Strolling Through the bank of ancient Niranjana (Falgu) river, the first thing that arrested my eyes happen to be the riot of colours. Some monks wearing yellow robes, other Buddhist pilgrims wearing maroon and the tourist donning sundry other colours added brilliance to this holy river.
Come winter this abode of enlightenment really blooms like garden of flowers where all hues of colours and shades add sublime beauty to this ancient place. The most important chapter of Buddhism it was this Falgu river where Siddharta used to bathe regularly. Besides it was this river where he had thrown the bowl of kheer (Rice pudding) given to him by the village lass Sujata. Soon after eating this kheer Siddharta had attained his enlightenment.
Leaving the banks of Phalgu as I started moving towards the Mahabodhi Temple, the sound of the Buddhist holy mantra “Buddham Sharnam Gachchami, Sangham Sharanam Gachchani’ entered into my ears. In and around the Mahabodhi Temple a large number of little shops selling cassettes and CD’s of religious songs and various other items related to Buddhism really create a divine ambience to it.
This holy mantra really transformed my thought process. It took me to the ancient past when this holy words in Pali language beaconed thousands of people from the Tibet (roof of the world), china and other places of South East Asia to this land where Siddharta became Sakya Muni after attaining his Sambhodhi (enlightenment).
Braving hailstorms and very adverse climatic conditions, the foreigners had set foot to Bodh Gaya. Even the Chinese scholar Hiuen Tsiang and Fa Hian had endangered their lives for the sake of these words that says “We take shelter to Buddha’s lotus feet, we belong to Dhamma (Dharma) and we belong to Sangha (Monasteries)” and this holy tradition continues. Bodh Gaya is the supreme pilgrimage of Buddhism.

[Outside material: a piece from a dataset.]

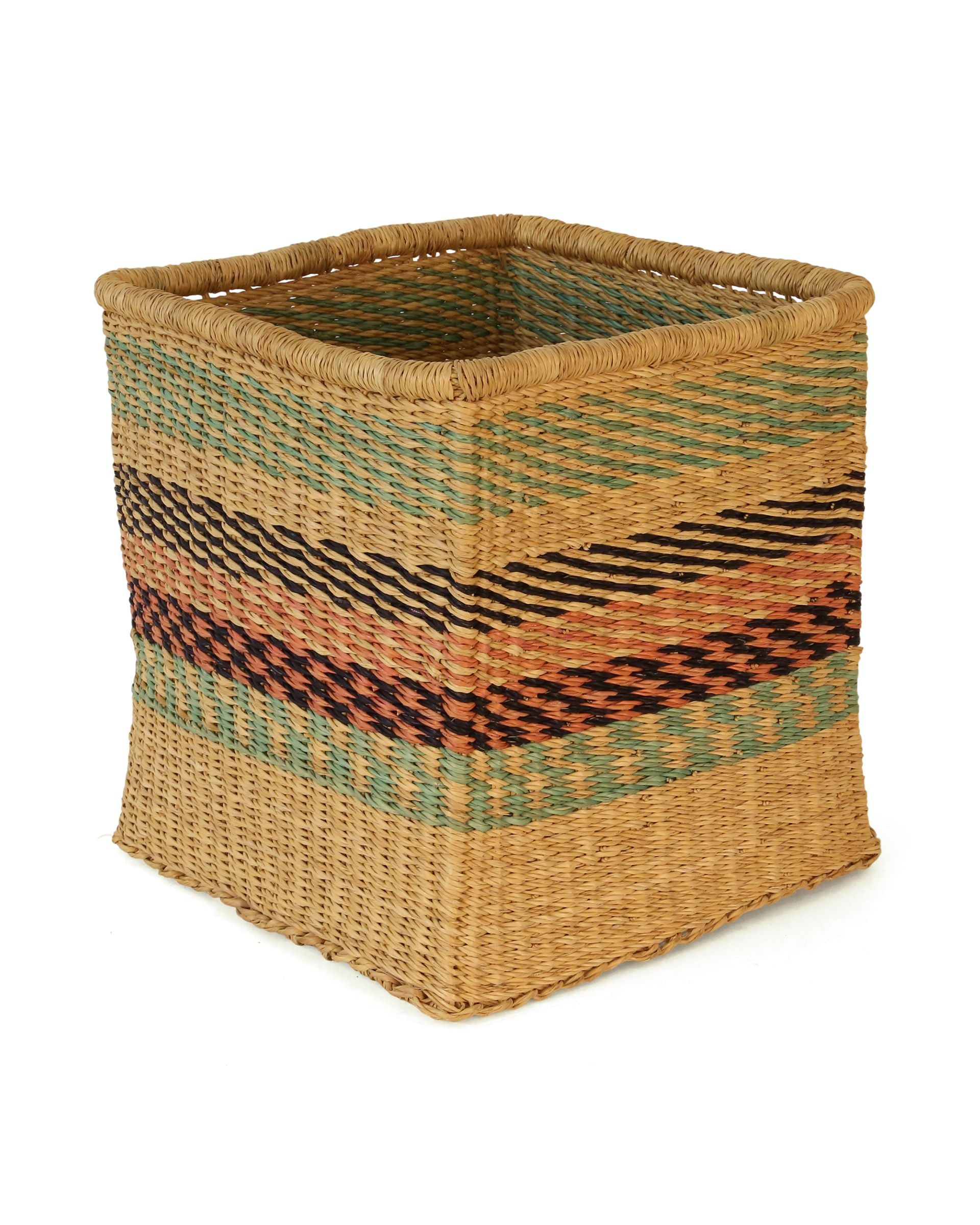 Our smart SIBIRI square storage baskets sport Turquoise, Peach & Black against a natural undyed grass base. These stylish and robust storage baskets are hand woven in Northern Ghana and look superb all over the home.

A flight of steps led me to the inner courtyard of Mahabodhi Temple. On looking at this 170 ft high shrine anybody would praise the nameless ancient masons who had created this architectural wonder centuries ago. This truncated pyramidal shape temple dates back to the 2nd century A.D. This is the oldest and most venerable of all Buddhist shrine. Hiuen Tsiang and Fa Hian had profusely praised the architectural cum sculptural art of this temple.

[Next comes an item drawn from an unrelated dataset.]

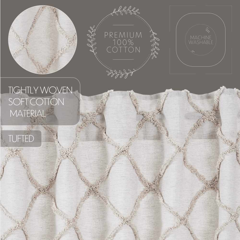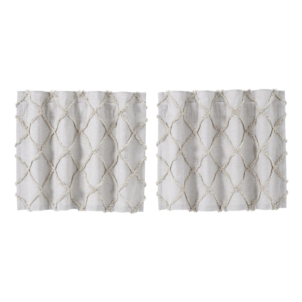 Create the perfectly charming country window of your dreams with these 24x36 inch tier-style curtains. Featuring oatmeal tan and soft white, these short curtains provide just the right balance of privacy and sunshine. The textured, tufted weave features a clean geometric pattern. Pair with a matching valance or prairie swag for a fully decorated look or alone for a simple pop of color and character. Also known as cafe or bistro curtains, these are a particularly good fit for decorating vintage kitchens, laundry rooms, and small bathroom windows.
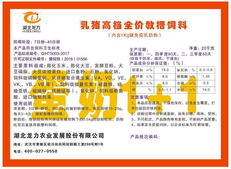 湖北龍力農(nóng)業(yè)發(fā)展股份有限公司坐落于武漢市黃陂區(qū)前川街向陽(yáng)街群順三里298號(hào)附1號(hào)。公司成立于2014年6月,公司自成立以來(lái)把“創(chuàng)全球最大養(yǎng)豬綜合服務(wù)”為企業(yè)愿景。致力于打造教保料品牌”作為公司發(fā)展的明確目標(biāo)。公司一直致力于豬營(yíng)養(yǎng)的研究和開(kāi)發(fā),積極與國(guó)內(nèi)外高校和科研機(jī)構(gòu)合作,推廣養(yǎng)豬技術(shù)、動(dòng)物營(yíng)養(yǎng)新概念,向世界農(nóng)牧企業(yè)學(xué)習(xí)與合作。公司采用國(guó)內(nèi)先進(jìn)的生產(chǎn)工藝,選擇高精度電子配料秤,高均勻度、無(wú)殘留混合機(jī)等先進(jìn)設(shè)備....

In the courtyard, I found a large number of monks moving around barefoot, others deeply meditating without even noticing my presence. Tranquility prevailed everywhere. I had a feeling of boarding in a time machine and entering into the time of Emperor Ashoka, who revived Buddhism. In the premises of Temple the multi coloured flags were fluttering to mutely tell the universe that peace should prevail over anarchy. In his days (2550 Year ago) Buddha also had pleaded against war and fought to establish peace. Looking at the Mahabodhi tree lies near the shrine one really feels that Bodhgaya continues to remain a living page of history. Under this peepal (Bunyan) tree Siddharta attained enlightenment. He became Taltagat the great.
This Mahabodhi tree still appears to be radiating an aura of abiding serenity, spiritual solitude and peace. It is believed that the original Bodhi tree sprang up on the day of Siddharta’s birth.

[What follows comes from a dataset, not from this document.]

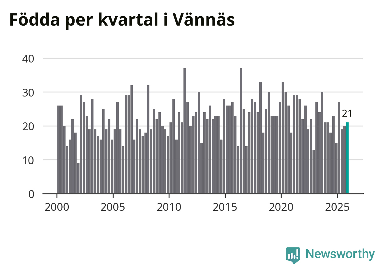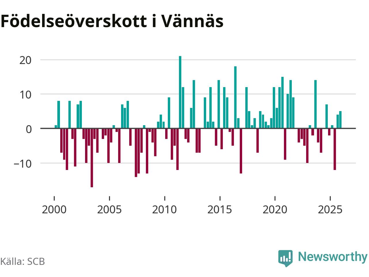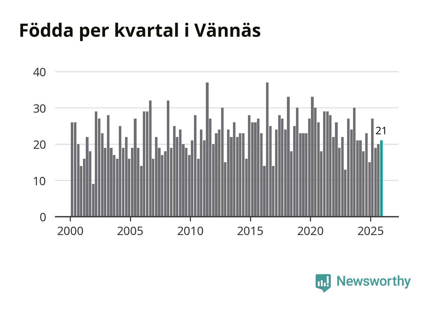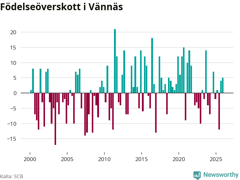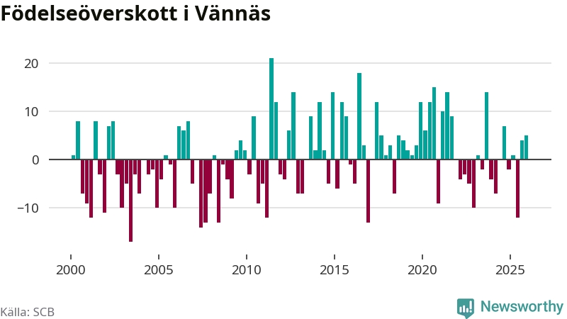 Enligt SCB:s siffror föddes 21 barn i Vännäs under det senaste kvartalet. Samtidigt avled 16 personer. Skillnaden mellan antal födda och döda är så liten att det inte går att säga om det beror på något annat än SCB:s röjandeskydd. Kommunen har historiskt sett haft ungefär lika många kvartal med positivt födelsenetto som negativt.

Bodhgaya may be lying thousands of kilometers away from South East Asia yet it offers the look of typical Asiatic nations (Buddhist countries). The temples, Chaitya and monasteries of various Buddhist nations are built in architectural and sculptural style of those countries of South East Asia. They reflect the very essence of ancient Java, Sumatra, Bali Anuradhapuram (Sri Lanka) and other pockets where Buddhism was carried in 3rd BC by Sanghmitra and Mahindra daughter and son of Emperor Ashoka. Really Bodhgaya appears to be a replica of South East Asia.
The Sun had already set. I could not resists the temptation of witnessing the Arti (showing of lamp) carried out in the Mahabodhi Temple by the devout Lama’s, Monks and others who consider Shakya Muni their supreme solace. Hurriedly I walked to the premises of the shrine to find hundreds of butter lamps and candles lighting there to create a divine atmosphere. The statues of Buddha attained serene glow due to the light of those lamps and candles. The holy sight arrested me. I stood still against a ancient wall. A group of monks were slowly moving with lamps in their hand and chanting “Buddham Sharanam Gachchami, Sangham sharanam Gachchami” in their leaps.
After experiencing this enlightening of Buddhism in its purest essence, that too at the spot of its birth, I started walking towards the hotel through the series of kiosks. The tourists and shop keepers were bargaining with each other. Why to blame them? They are all mundane creatures. After leaving the crowded market place as a moved to the hotel nearby, suddenly “Buddham Sharnam Gachchami…” Echoed in my ears. Really how different is the mundane world with the realm of spirituality.